**TASK PROMPT:** Send back the line that contains "Сегодня из кружочков" and all lines following it through the end of the data below, exactly, omitting pictures.

**SUPPLIED INFORMATION:**
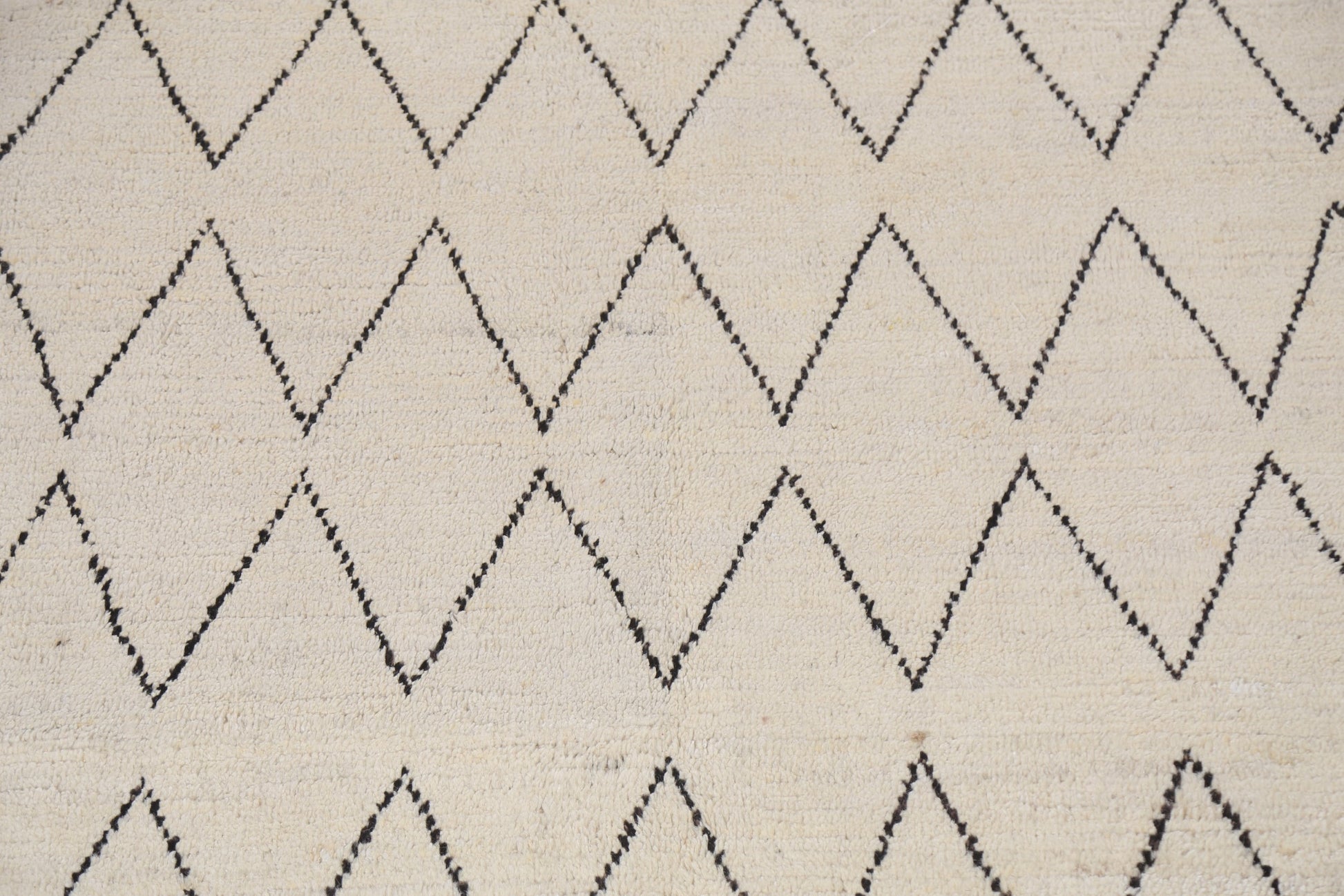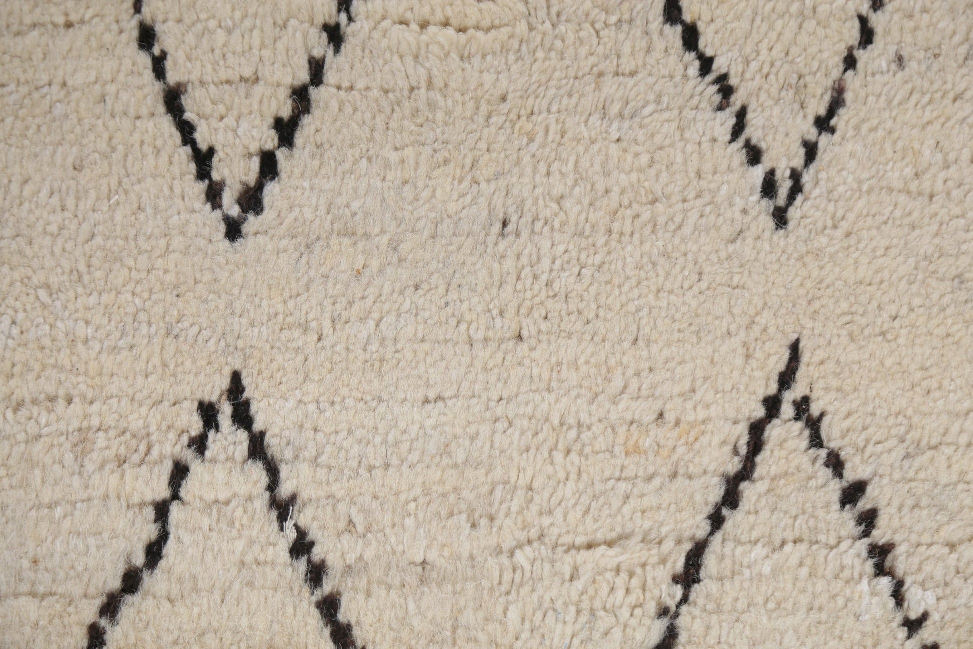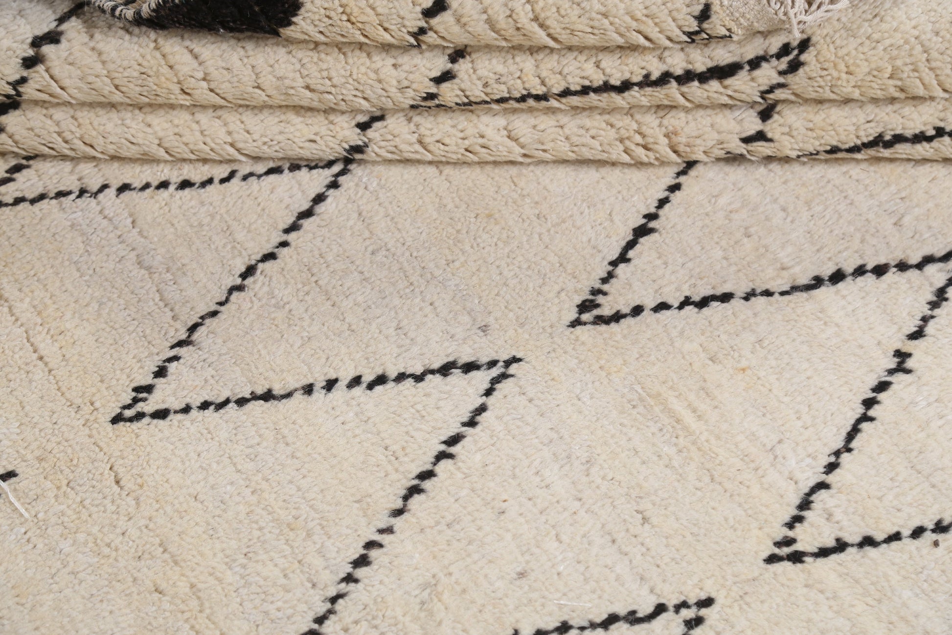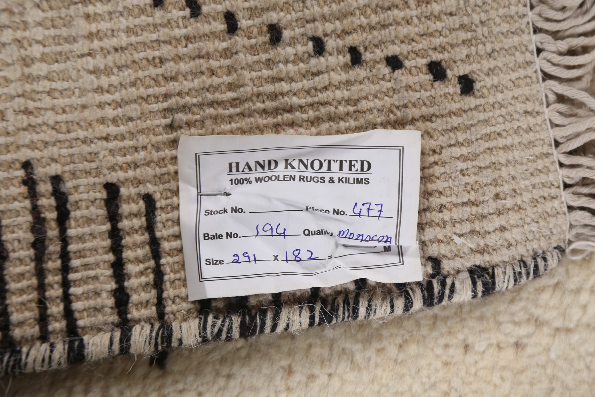 A Beautiful Genuine Morocco Moroccan rug is Hand Knotted by skillful weavers in Morocco with 100% Wool Material. This rug is in New, First Quality condition. dimensions are 9' 9'' X 6' 1'' in foot and 297 X 185 in centimeter. the primary color is Beige & Ivories.
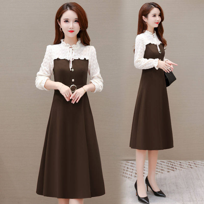 Кружевное осеннее платье, длинный комплект, юбка, 2024 года, в корейском стиле, А-силуэт
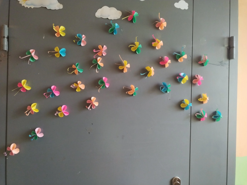 Сегодня из кружочков у нас получились прекрасные бабочки. И мы украсили ими дверь в приёмной. Полюбуйтесь!????
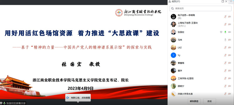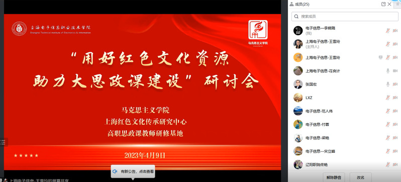 为贯彻落实教育部关于全面推进“大思政课”建设的工作方案,推进我校运用红色文化资源助力“大思政课”建设的能力和效果。4月9日上午,由我校马克思主义学院主办,上海红色文化传承研究中心、全国高职思政课教师研修基地承办的“用好红色文化资源,助力大思政课建设”研讨会在线上举行。本次研讨会邀请了浙江商业职业技术学院马克思主义学院党总支书记、院长张国宏教授主讲,会议由我校马克思主义学院副院长茌良计主持。

**RESULT OF THIS EXERCISE:**
 Сегодня из кружочков у нас получились прекрасные бабочки. И мы украсили ими дверь в приёмной. Полюбуйтесь!????
 为贯彻落实教育部关于全面推进“大思政课”建设的工作方案,推进我校运用红色文化资源助力“大思政课”建设的能力和效果。4月9日上午,由我校马克思主义学院主办,上海红色文化传承研究中心、全国高职思政课教师研修基地承办的“用好红色文化资源,助力大思政课建设”研讨会在线上举行。本次研讨会邀请了浙江商业职业技术学院马克思主义学院党总支书记、院长张国宏教授主讲,会议由我校马克思主义学院副院长茌良计主持。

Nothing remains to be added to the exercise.